The corona is not so uniform as the other parts, nor is it constituted exactly similar in all trees. It is placed between the pith and wood in all vegetables, forming a ring, whose outline is more or less regulated. The general circle is cellular, composed of blebs and vessels, like the bark and the rind, and is perfectly similar to them, only that at different distances oblong clusters of different vessels are placed amongst it. These clusters are usually eight or ten in number, and give origin to the angles of the corona. They are not uniform, or of one kind of vessels, as in the bark, but each has two distinct sorts, the exterior one answering to the blea, and the interior, to the wood of trees; and within each of these are disposed vessels not unlike those in the blea and wood, though often larger than they are found in those parts.
Thus each cluster is composed of all the essential parts of the succeeding branch, and the intermediate parts of the circle are absolutely bark and rind; they are ready to follow and clothe the cluster when it goes off in the form of a shoot, because it will then need their covering and defence, though in its present inclosed state it does not. It is from this construction, that a tree is ready at all times and in all parts to shoot out branches, and every branch in the same manner to send out others; for the whole trunk, and the branch in all its length, have this course of eight or ten clusters of essential vessels ready to be protruded out, and the proper and natural integuments as ready to cover them. In some trees, these parts are more evident, in others more obscurely arranged. Dr. Hill says, the bocconia, or parrot-wood of the West-Indies, and the greater celandine, are proper subjects for opening this great mystery of nature. On the corona and its clusters depend that property of vegetables, that they can be produced entire from every piece. These clusters follow the course of the other portions of the tree; they are therefore everywhere; they are always capable of growing, and their growth, even in a cutting of the smallest twig, cannot produce a leaf, or any other part of a vegetable alone, but must afford the whole; for they are complete bodies, and the whole is there waiting only for the opportunity of extension, by obtaining sufficient nourishment. For the knowledge we have of this part we are altogether indebted to Dr. Hill. It remains for future observers to confirm, or disprove his observations.
OF THE PITH.
The pith is found in the center of every young shoot of a tree; it is large in some, less in others, but present in all. It is placed close within the corona.

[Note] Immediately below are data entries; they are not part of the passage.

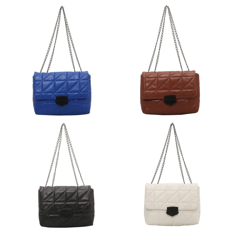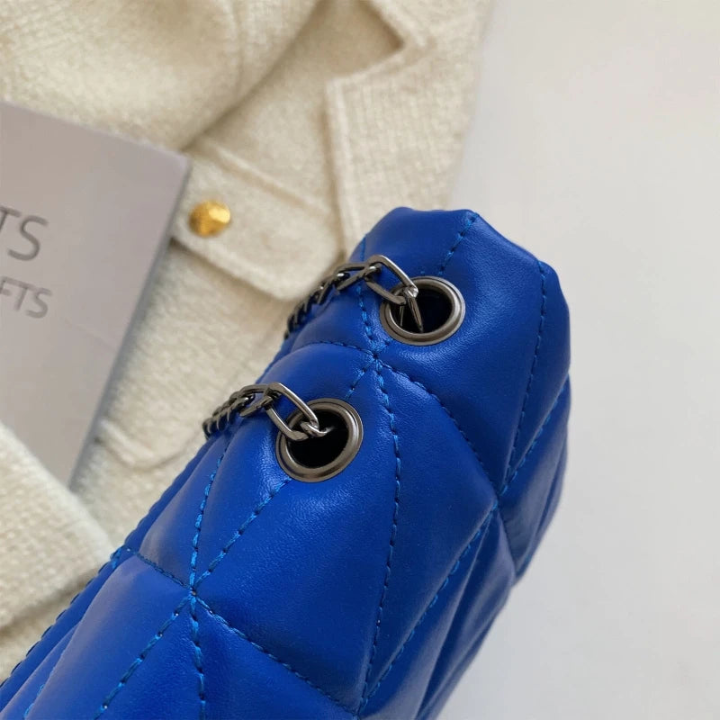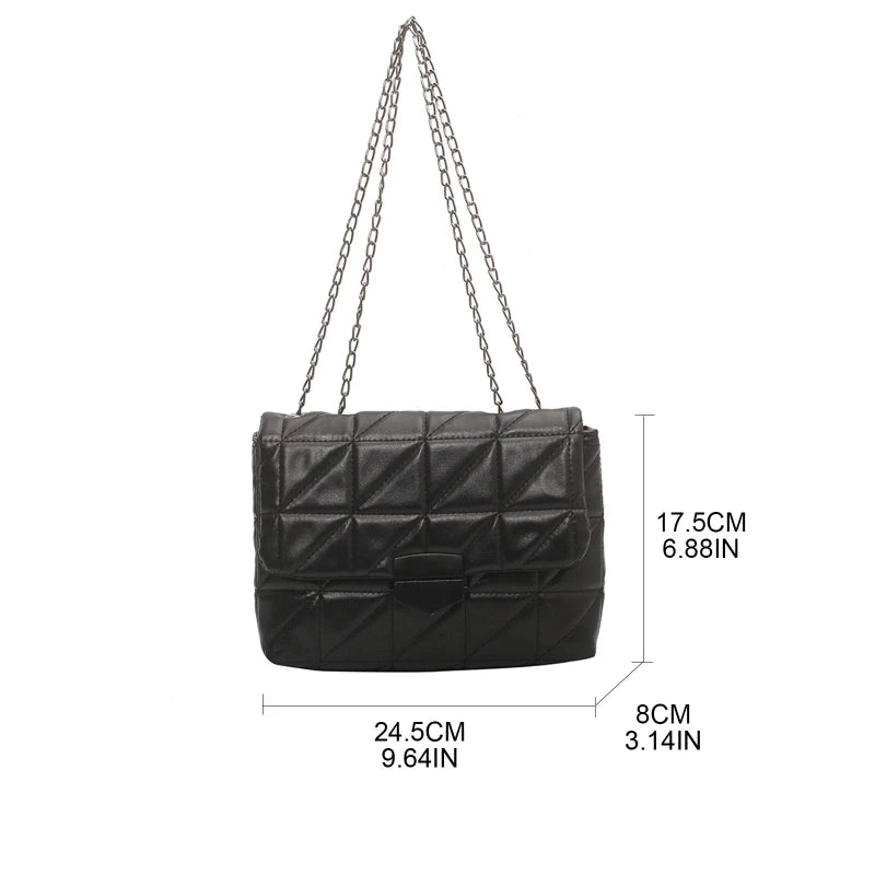 Elevate your style with this chic Rhombic Crossbody Bag featuring a retro chain strap and intricate embroidery thread design. This versatile bag can be worn as a shoulder bag or a clutch.
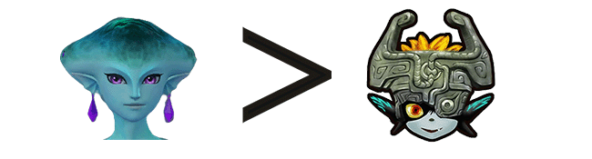 How does she relate to Midna? Well, she's a real bitch when you meet her, only caring about that stupid Spirital Stone. After you collect it, she really likes you, and treats you like royalty. Like how Midna only cares about her stupid twilight and not you, but unlike Ruto she never gets a change of heart. Ruto is better.
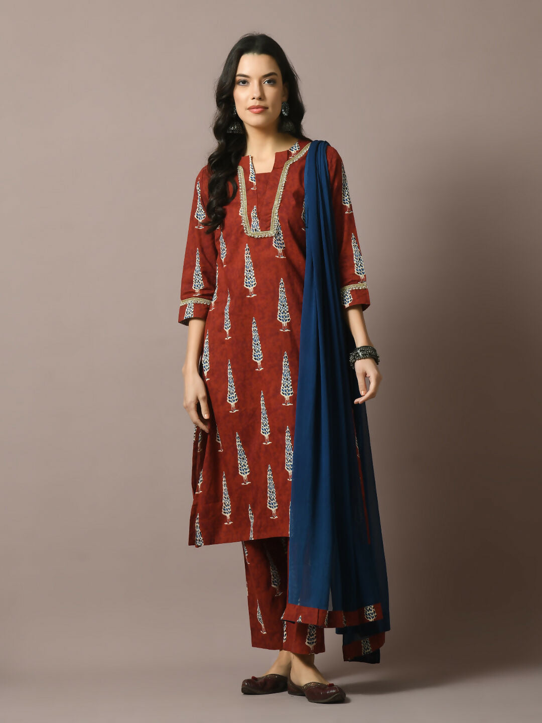 Myshka Women's Rust Printed Cotton Straight Party Kurta Set With Dupatta Color: Rust Top Type: Kurta Bottom Type: Trousers Dupatta: Yes Dupat...
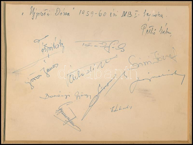 Újpesti Dózsa (UTI) 1959-1960. évi NB. I. bajnokcsapa fotója, aláíráso...
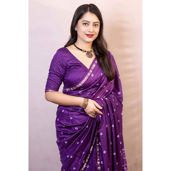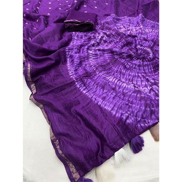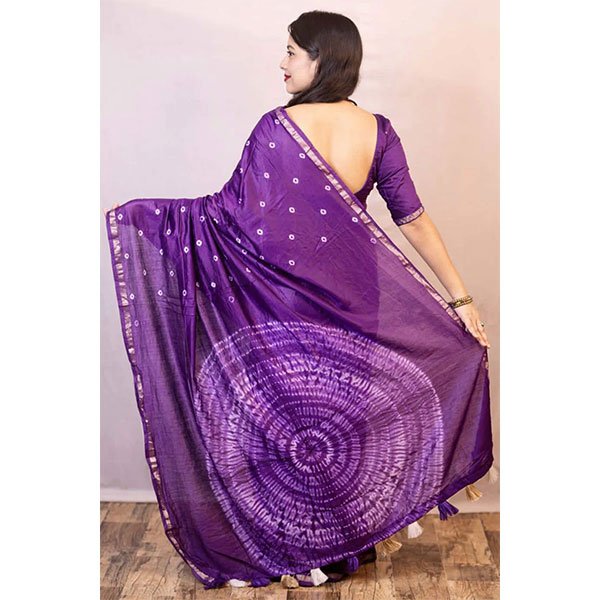 Violet Bandhani Digital Printed Linen Cotton Saree
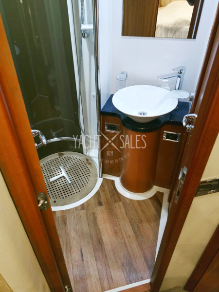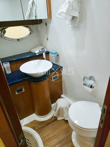 Private bathroom to Master cabin with vacuum flush toilet, separate shower cabin, mirror cabinet & openable hull vent with blackout blind etc.
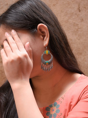 Home Lotus Design Yellow and Green Dangler Afghani Earring
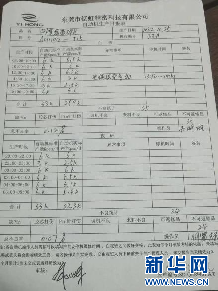 工人過(guò)去用紙質(zhì)表格,記錄生產(chǎn)情況。新華網(wǎng)發(fā)(企業(yè)供圖)
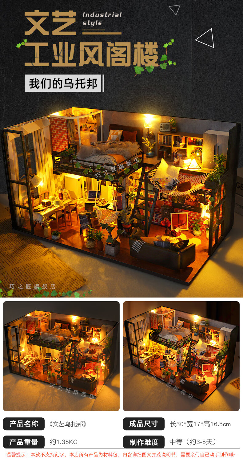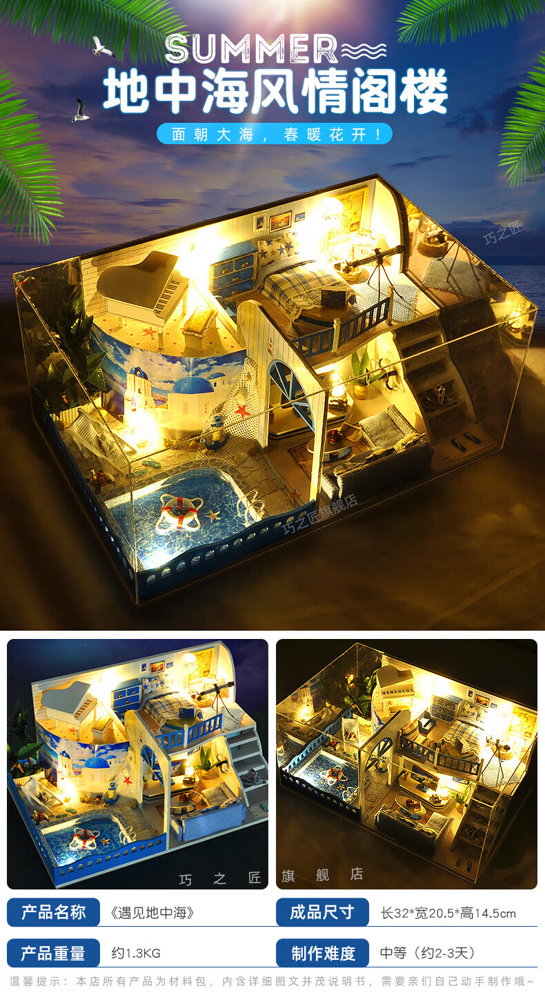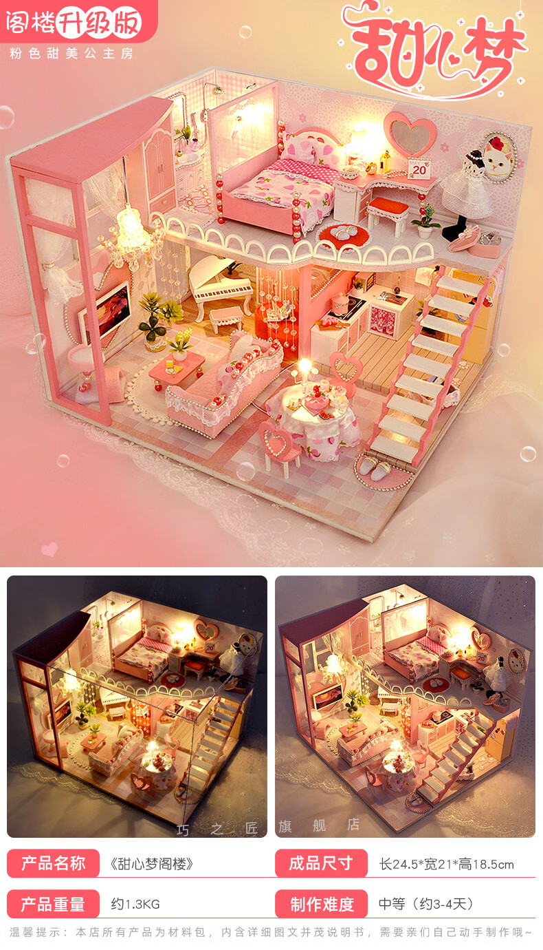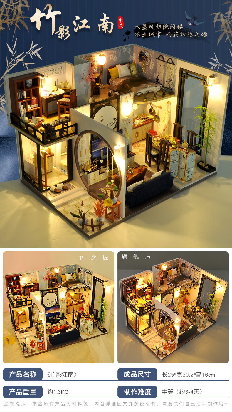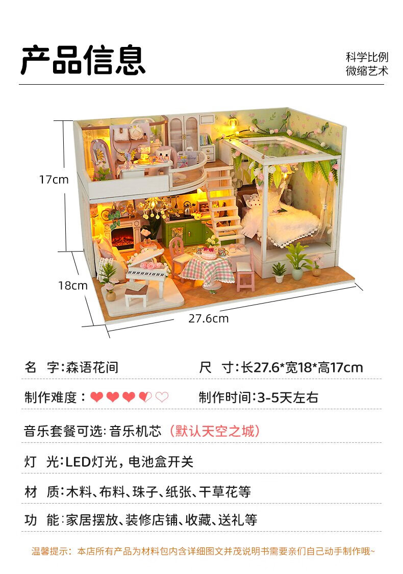 巧之匠diy小屋拼图立体3d模型积木拼装玩具微缩场景摆件手工生日礼物 【音乐款】时光浅影+工具+音乐+防尘罩

It seems to be nothing more than a congeries of the cellular tissue; it is generally found near the center of the tree, inclosed as it were within a tube; in general, the cells of the pith are larger than those of the cellular tissue, with which, according to Du Hamel, it communicates. For the rays which extend from the pith to the bark are, in his opinion, produced from it. Thus, though it may differ in name from the parenchymatous parts of the bark, and the radial insertions in the wood, yet it is of the same nature and texture, and is continuous with them; so that, according to this idea, the skin, the parenchyma, the insertions, and the pith, are all one piece of work, filled up in divers manners with the vessels.
The bark and the wood grow thicker every year, while the pith, on the contrary, grows more slender, so that in a branch of one year it is of a larger size than it is in the same branch when two years old, and so on. In very young branches, while in an herbaceous state, the pith forms the greatest part of its substance; but when the fibres are stronger, the pith becomes less succulent, and surrounded with a tube of wood; when the branch has arrived to a certain age, it is so compressed as to be almost annihilated. In examining different branches that proceed from others in their first state, a small communication between the pith of the one and the other will be found; but this communication is generally entirely closed up in the second or third year.[138] The cells of which the pith is formed are at first entirely one connected body; but as the plant grows up, it is often so broken and ruptured, as to remain no longer a continuous substance.
[138] Du Hamel Physique des Arbres, tom. 1, p. 38.
This, as well as many other particulars in the history of the pith, corroborates the opinion of Dr. Hill,[139] who thinks it is formed for the purpose of moistening the clusters of the corona, and regulating its extension; it has been supposed coeval with, or primordial to all the other parts, but he thinks it is postnate, and comes after them in the order of time, as well as in its uses; that exhaled air gives origin to its blebs, and the thickness of the juices cloathing the bubble, gives it form and substance. The first season is the time of its greatest use, and it immediately after begins to decay.
[139] Hill’s Construction of Timber, p. 66.
The pith has in general been represented as much more complex than it really is. It consists of a range of bladders lying one over the other. The membrane is simple, the outline single; but as it is very difficult to procure it in this simple state, it is often seen and represented under a variety of irregular, though pleasing forms, which are occasioned by the intersections of the outlines of the blebs, as seen one over another.